» **Supplied entries**:

§

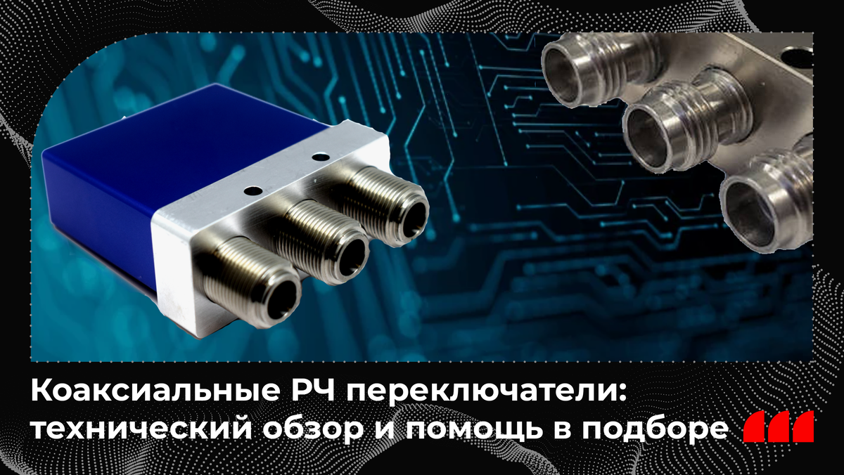 Коаксиальные радиочастотные (РЧ) переключатели — это устройства, предназначенные для переключения сигналов в системах СВЧ и ВЧ связи. Они позволяют перенаправлять сигнал между несколькими линиями или устройствами без искажений, потерь или отражений, критичных для высокочастотных цепей.
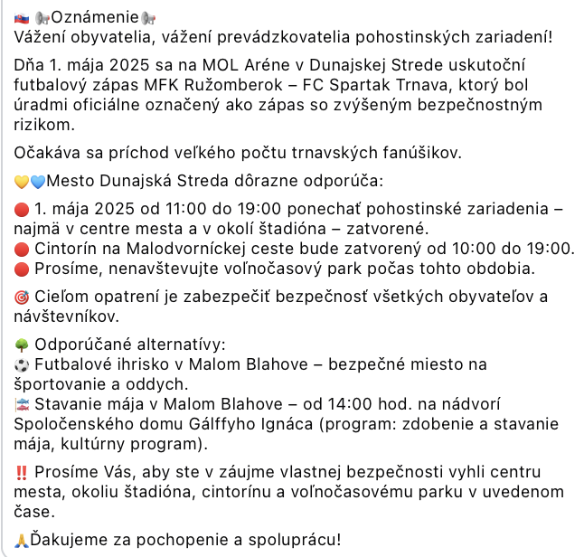 Z futbalového sviatku sa v Dunajskej Strede stáva bezpečnostná operácia, mesto vyzýva ľudí, aby sa 1.mája vyhli centru
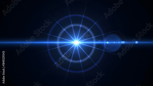 Bright blue lens flare effect on black background abstract digital light beam starburst
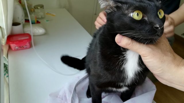 そして俺氏が黒猫ココロを捕まえて洗濯ネットに入れ、嫁氏がサクッと注射針を刺して点滴開始。
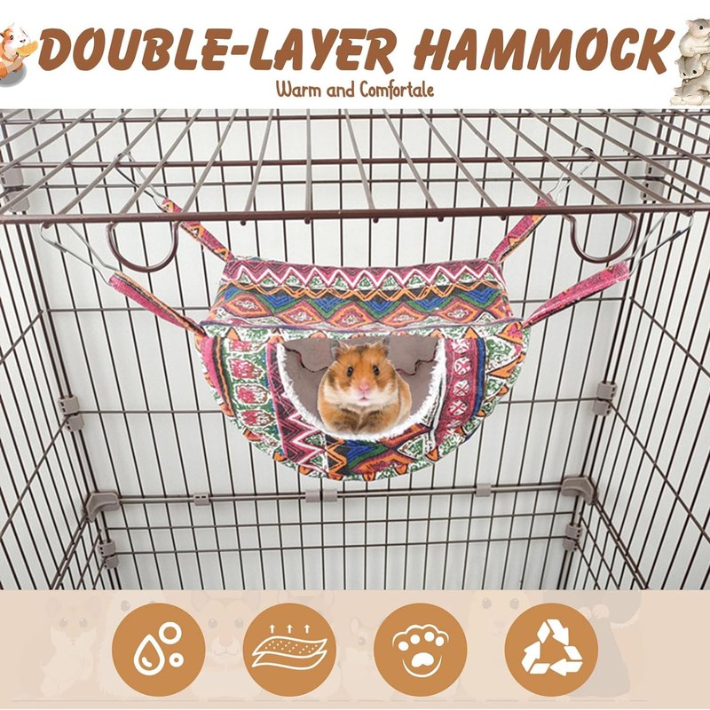 - Function: Comfortable and adorable hammock, is very suitable for small pets to sleep or play, which can help keep small pets warm and cosy. Place it in any corner of your pet's cage or activity area to create a cozy and spacious retreat.
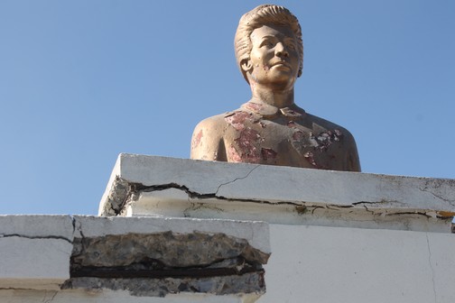 Hoy luce ausente de cuidado y mantenimiento, la basura y desechos se acumulan, el busto de bronce está severamente daño y el pedestal también.
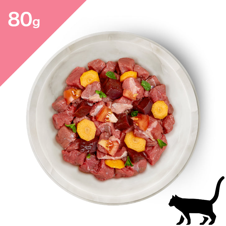 牛の心臓 (58%), 牛の肺 (14%), 牛レバー (14%), 仔牛の肉(4%), 人参 (4%), トマト, 菜種油, キャットニップ, ミネラル類
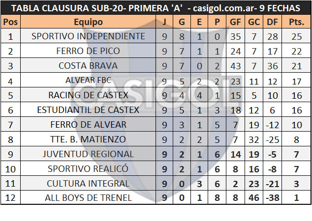 TABLA DE POSICIONES CLAUSURA SUB 20
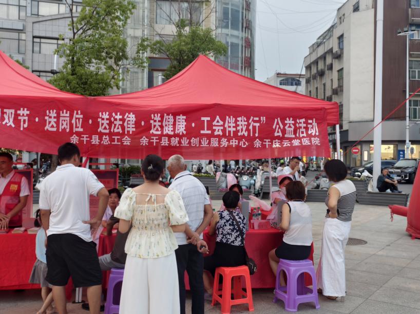 9月29日,在國慶、中秋雙節來臨之際,余干縣總工會聯合余干縣就業創業服務中心、余干慶云堂醫院,于琵琶湖工會驛站旁西廣場舉辦“送崗位?送法律?送健康?工會伴我行”公益活動。活動以“暖心服務大禮包”形式,為職工群眾送上節日祝福,吸引近200名職工參與,現場氛圍熱烈而溫馨。
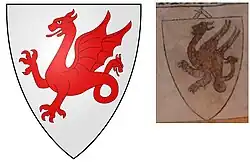 - ^ His arms are shown on the frescs of the Chateau de Ravel in France. The armorials Wijnbergen and Le Breton also show the real tinctures of the blason of Jean de Corbeil: Argent a dragon gueules. The arms with or a dragon sinople are imaginary.

§

» **Exercise brief**: Both the line containing "Bright blue lens" and the line containing "牛の心臓 (58%), 牛の肺" above belong in the output, as do the lines between them. Print them exactly, without pictures.

» **Exercise answer**:
 Bright blue lens flare effect on black background abstract digital light beam starburst
 そして俺氏が黒猫ココロを捕まえて洗濯ネットに入れ、嫁氏がサクッと注射針を刺して点滴開始。
 - Function: Comfortable and adorable hammock, is very suitable for small pets to sleep or play, which can help keep small pets warm and cosy. Place it in any corner of your pet's cage or activity area to create a cozy and spacious retreat.
 Hoy luce ausente de cuidado y mantenimiento, la basura y desechos se acumulan, el busto de bronce está severamente daño y el pedestal también.
 牛の心臓 (58%), 牛の肺 (14%), 牛レバー (14%), 仔牛の肉(4%), 人参 (4%), トマト, 菜種油, キャットニップ, ミネラル類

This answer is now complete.